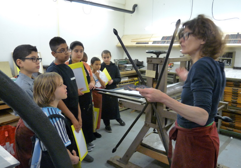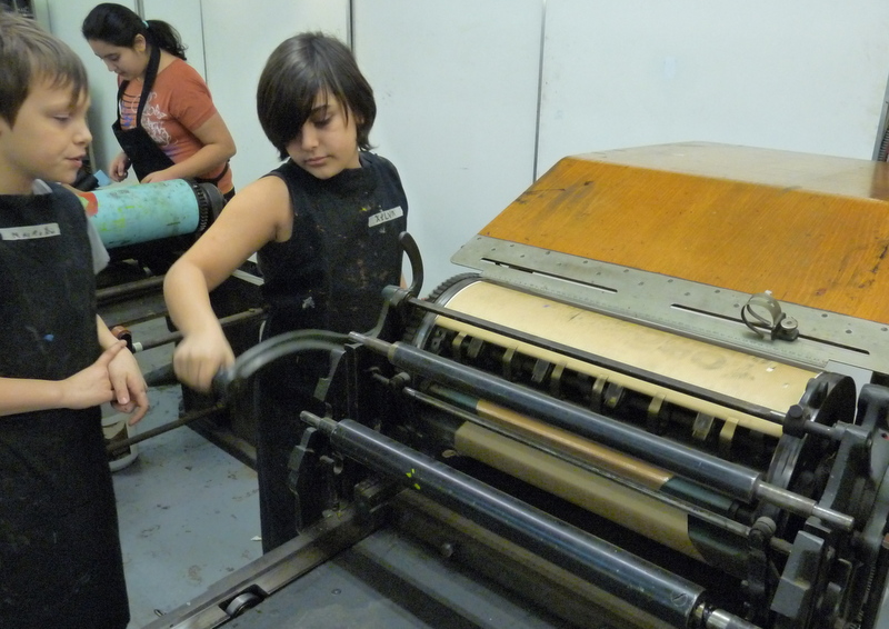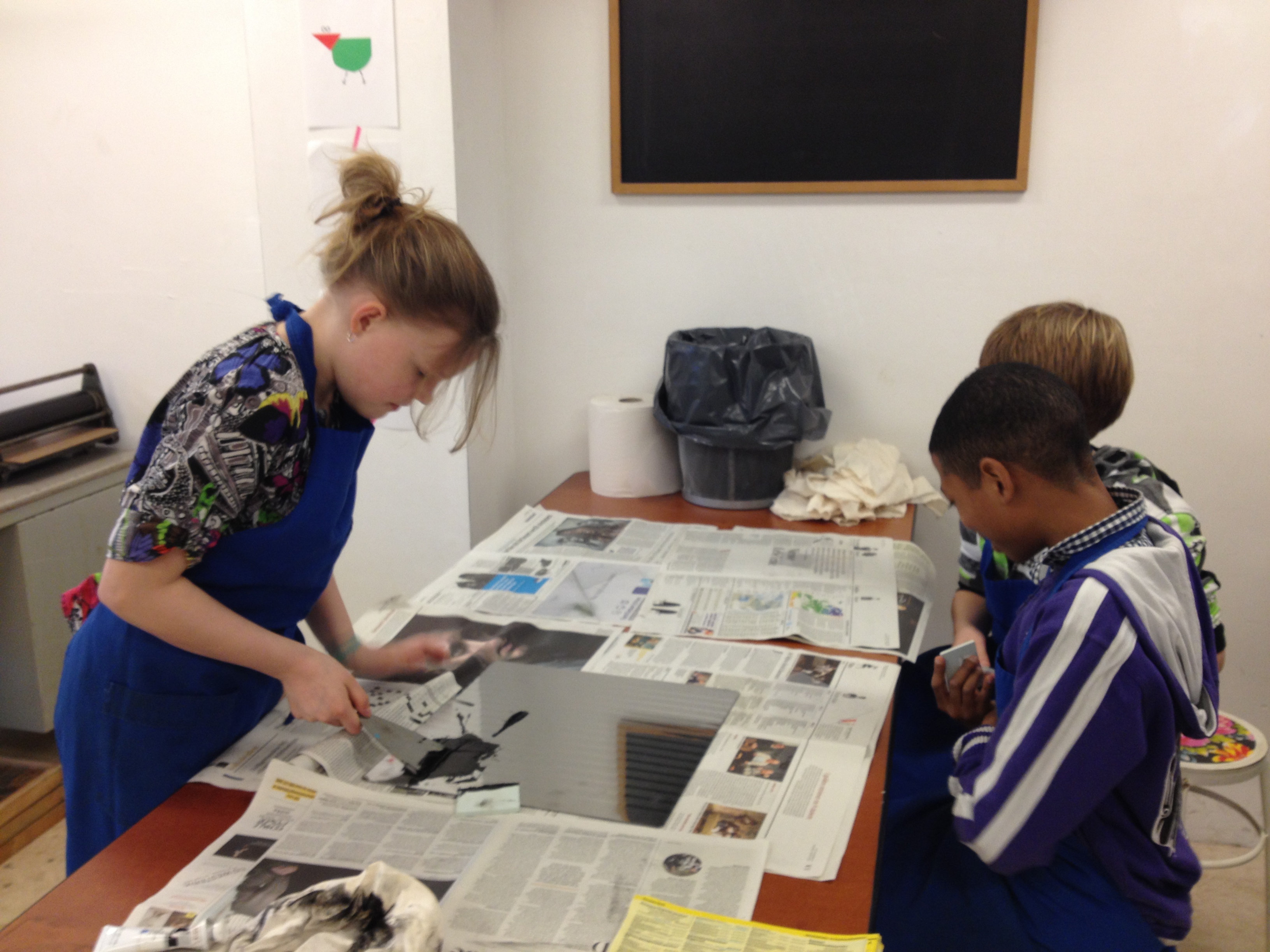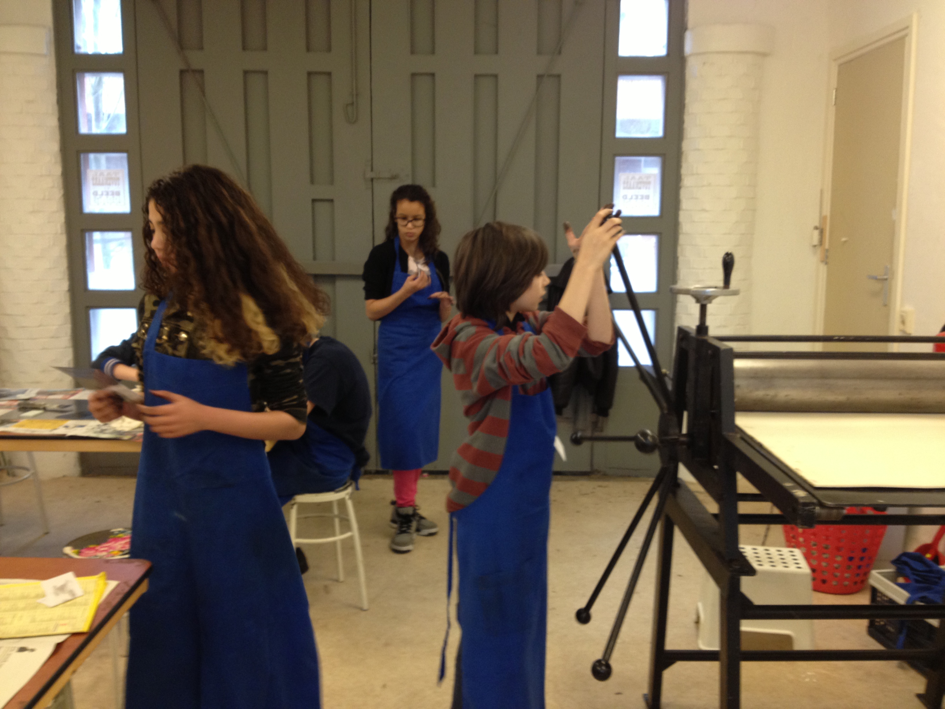 De helft van groep 8 toog vandaag naar ons atelier in de Van Kinsbergenstraat. Wat was het leuk vanmiddag om de eerste proefdrukjes te maken van onze kleine “droge naald” etsjes. Joost, de broer van juf Nathalie, kwam ons helpen bij het drukken. Bedankt Joost! Volgende week gaat de andere helft van de klas en daarna volgen er nog 2 sessies voor het drukken van het grote eindwerk! Dat zal prachtig worden ,want na vandaag hebben ze de smaak te pakken!
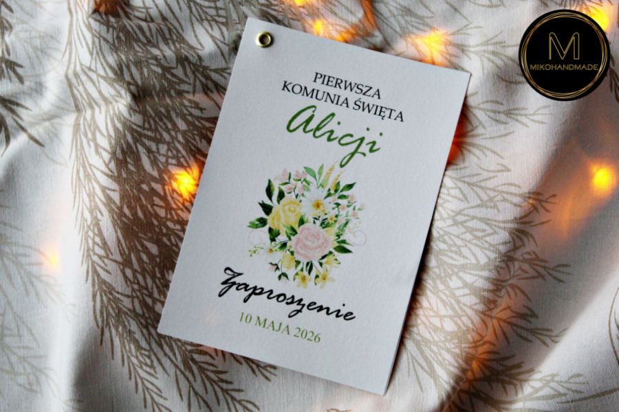 Prezentujemy wyjątkowe, ręcznie projektowane zaproszenie na uroczystość Pierwszej Komunii Świętej, stworzone z myślą o wyjątkowym dniu Twojej córki.
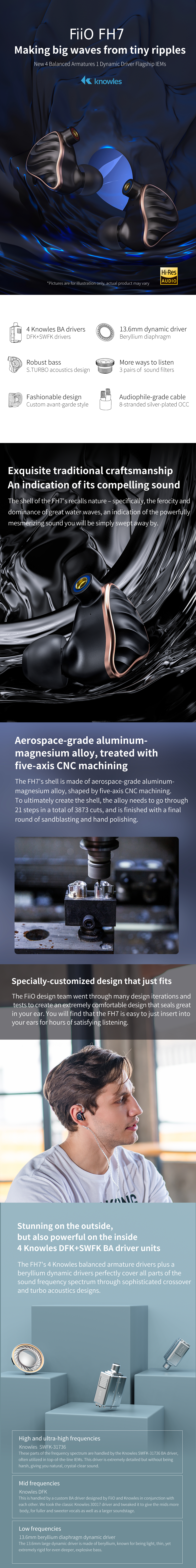 FiiO FH7 New 4 BA 1 Dynamic Driver Flagship IEMs.
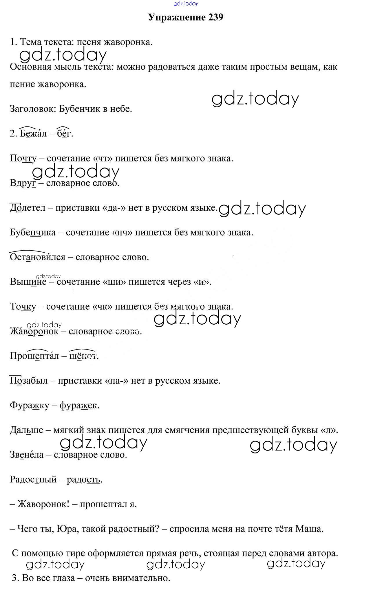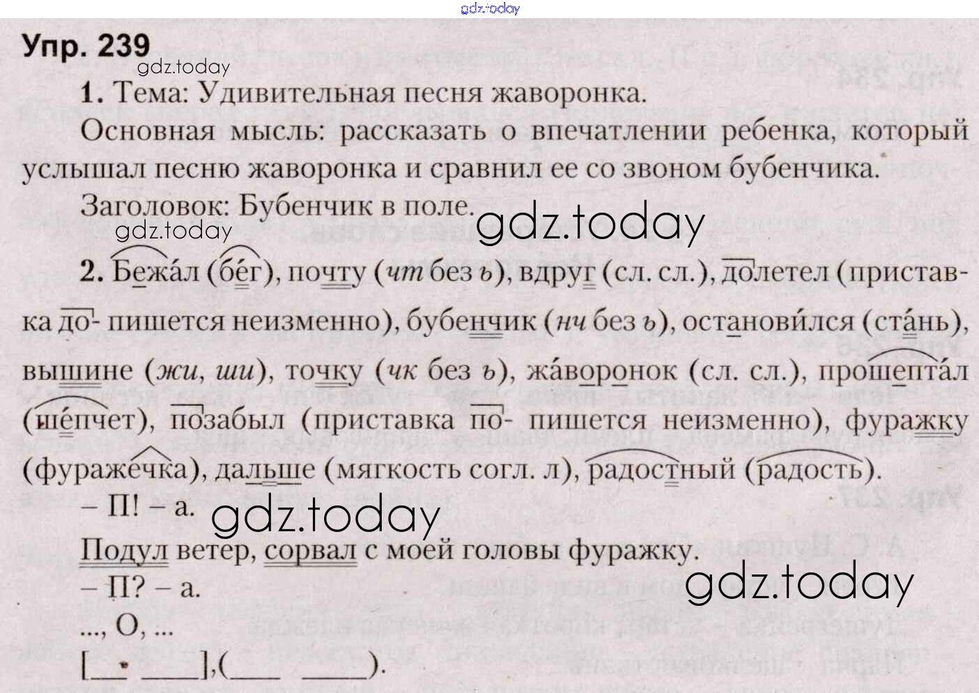 На страницах сайта gdz.today вы найдете учебный и вспомогательный материал, направленный на улучшения знаний школьной программы. ГДЗ - онлайн мир знаний Часть 2. Решение к Заданиям 239 Учебнику по Русскому языку для 5 класса Мурина, Игнатович Национальный институт образования 2014
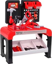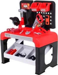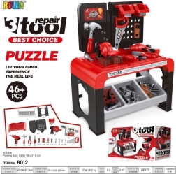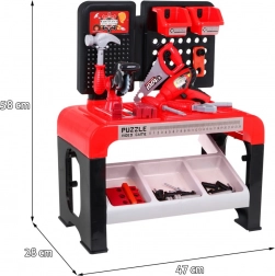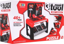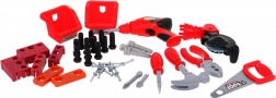 Le set comprend 46 éléments dont une perceuse manuelle, un tournevis avec embouts interchangeables, des scies manuelle et circulaire, un marteau, une pince, des plaquettes en bois à visser, des vis, des chevilles et des clous. Une étagère de rangement et deux bacs suspendus permettent de garder les outils en ordre, pour un rangement facile après le jeu.
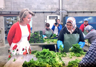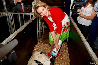At the Ferme de Coux in Maillen bleu-blanc-belge cattle is raised. The Queen was met by ten female farmers from the region.
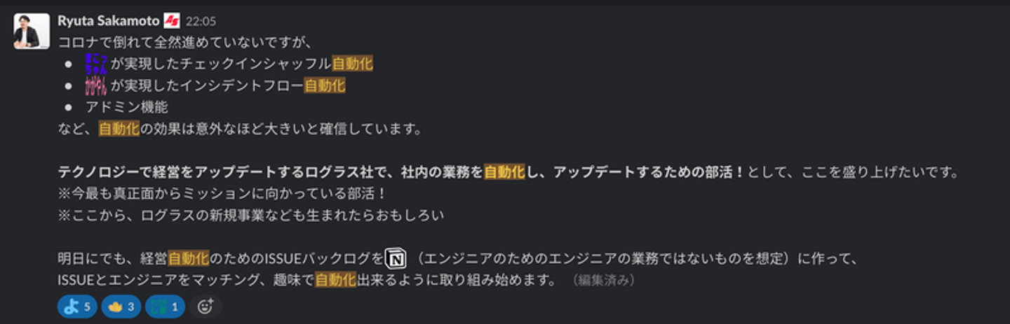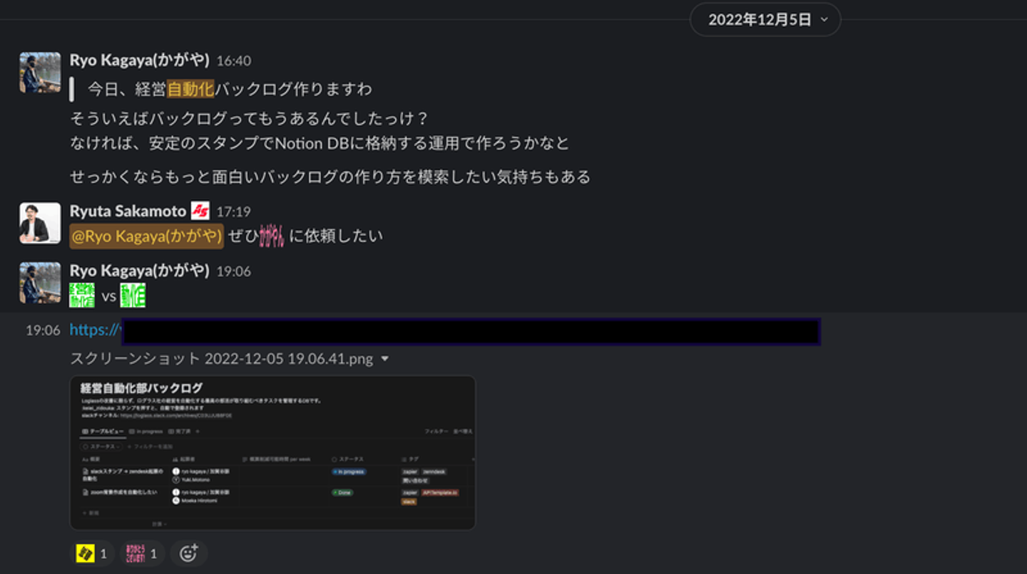 具体的な事例 今回は概要だけです。詳細は別で書きます、書きたい。 他にもZoom背景作るチャンネルだったり、経営自動化部の毎週の成果を通知するBotだったりと色々作った気がしますが、パッと出てきた3つを取り上げます。

→ What to do: Since the copy must hold no pictures, repeat everything else in the records exactly as written.

→ Answer:
 De helft van groep 8 toog vandaag naar ons atelier in de Van Kinsbergenstraat. Wat was het leuk vanmiddag om de eerste proefdrukjes te maken van onze kleine “droge naald” etsjes. Joost, de broer van juf Nathalie, kwam ons helpen bij het drukken. Bedankt Joost! Volgende week gaat de andere helft van de klas en daarna volgen er nog 2 sessies voor het drukken van het grote eindwerk! Dat zal prachtig worden ,want na vandaag hebben ze de smaak te pakken!
 Prezentujemy wyjątkowe, ręcznie projektowane zaproszenie na uroczystość Pierwszej Komunii Świętej, stworzone z myślą o wyjątkowym dniu Twojej córki.
 FiiO FH7 New 4 BA 1 Dynamic Driver Flagship IEMs.
 На страницах сайта gdz.today вы найдете учебный и вспомогательный материал, направленный на улучшения знаний школьной программы. ГДЗ - онлайн мир знаний Часть 2. Решение к Заданиям 239 Учебнику по Русскому языку для 5 класса Мурина, Игнатович Национальный институт образования 2014
 Le set comprend 46 éléments dont une perceuse manuelle, un tournevis avec embouts interchangeables, des scies manuelle et circulaire, un marteau, une pince, des plaquettes en bois à visser, des vis, des chevilles et des clous. Une étagère de rangement et deux bacs suspendus permettent de garder les outils en ordre, pour un rangement facile après le jeu.
At the Ferme de Coux in Maillen bleu-blanc-belge cattle is raised. The Queen was met by ten female farmers from the region.
 具体的な事例 今回は概要だけです。詳細は別で書きます、書きたい。 他にもZoom背景作るチャンネルだったり、経営自動化部の毎週の成果を通知するBotだったりと色々作った気がしますが、パッと出てきた3つを取り上げます。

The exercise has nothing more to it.